Sometimes the simplest ideas are the best for businesses of any size.

As an advocate of advisory team structures for about 15 years now, I’ve helped to create them in many large firms. But using team structures can be just as beneficial — if not more so — in small and mid-sized firms, too.

As the name implies, advisory teams are small groups of advisors who work together to service a specific group of clients. These teams can be organized in several ways.

The most common is combining advisors with a broad range of experience — from new recruits to firm partners. This creates an excellent opportunity for younger advisors to gain experience with clients, with different aspects of financial advice, and with the firm’s approach to serving its clients.

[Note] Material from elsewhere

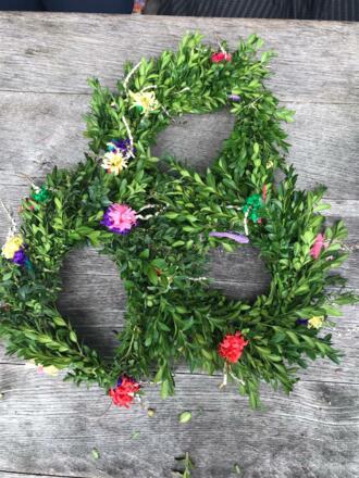 Bei Gesang und den Klängen der "Zugan" werden die Almkranzl gebunden. Dazu werden Zweige, Gräser, Blumen und Kräuter verwendet.
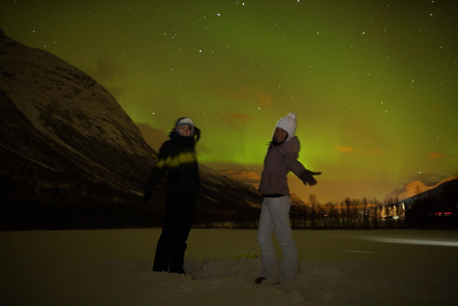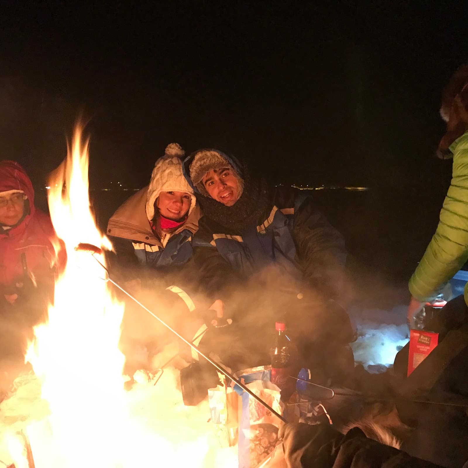 Bir süre daha arabayla gittikten sonra bir gölün kıyısında iki dağın arasında ışıklar bizi tekrar karşılıyor. Bu defa çok daha panoromik, çok daha göz kamaştırıcı. Ekip olarak büyülenmiş gözlerle ışıklara bakıyoruz. İspanyol kızlar birbirlerine sarılıp sevinçten zıplıyorlar. Roy herkes memnunsa burada kamp kuruyoruz diyor. Çok değil, sadece 10 dakika içersinde -15 derecede ayaklarımızı hissetmeyecek konuma gelince Roy’dan ekstra kıyafet ve bot kiralamaya karar veriyoruz. 2 saat boyunca kamp yaptığımızı düşününce o kıyafetler olmasa asla dışarıda duramazdık. Işıklar oradan oraya dans ederken Roy kamp ateşini yakıp elimize şişleri tutuşturuyor ve dondurulmuş köfte ve balık eşliğinde akşam yemeğimizi Kuzey Işıkları eşliğinde ediyoruz. Gece 2’de otelimize vardığımızda adeta bir görevi tamamlamanın mutluluğunu yaşıyorduk.

Another way to form a team is to combine advisors with varied specialties: portfolio management, financial planning, estate planning, insurance, etc.

This enables a team to work with a broad range of clients with varying needs as well as provides a good training platform for younger advisors. Of course, many firms combine both ranges of expertise and experience in their teams.

What’s In a Team?

There are obvious advantages of advisory teams over the more traditional solo or silo models for advisory firms. But it’s important to be clear about the term “advisory teams.”

Many firms believe that an “advisory team” is comprised of a senior advisor supported by a cadre of clerical staff. While this support may provide some leverage for senior advisors to work with a larger number of clients, it falls far short of the many benefits of actual advisory teams.

For instance, true advisory teams enable clients to be connected directly and quickly with a financial advisor on their “team.” Depending on their experience and professional focus, the advisor can then either help the client with their issue, or quickly direct them to an advisor who can.

Client Satisfaction

We find that quickly directing clients to an advisor they’ve met, and who is knowledgeable about their financial situation and focused on getting them the help they need, creates a very high degree of client satisfaction and builds a strong bond for the firm.

Also, we’ve found that teams work best when they are named or numbered so the clients can be quickly and easily directed to a member of their team.

Team structure and its process of helping clients get what they want/need creates stronger bonds with the firm than when clients work directly with one advisor. Not only will a team usually get a client help faster, it also creates a client bond with the firm, rather than just one advisor.

This firm/client bond can become the key to retaining clients in situations when an advisor retires or leaves the firm to practice elsewhere.

The team approach to delivering financial advice also makes it easier for a firm to create a consistent client experience, not only within each team, but throughout the firm. Not only is it easier to communicate the desired client experience with a team, but team members can then monitor each other on the delivery of that experience.

On the business end, well-constructed and trained teams can work with significantly more clients than the same number of advisors could work with individually. That’s because in a team, advisors don’t form a deep personal bond with client that can often lead to over servicing  clients.

Deep emotional connections with the clients, for instance, cause advisors to blame themselves when clients don’t take their advice.  In a team, advisors tend to be more accountable to the team for delivering advice efficiently.

Finally, teams create growth. Advisors working in teams keep their focus on growth because they feel accountable to their teammates to keep the team growing.

Overall, advisory teams increase the chance of delivering what the client needs. It emphasizes the focus on client service, and the emphasis on client service creates growth.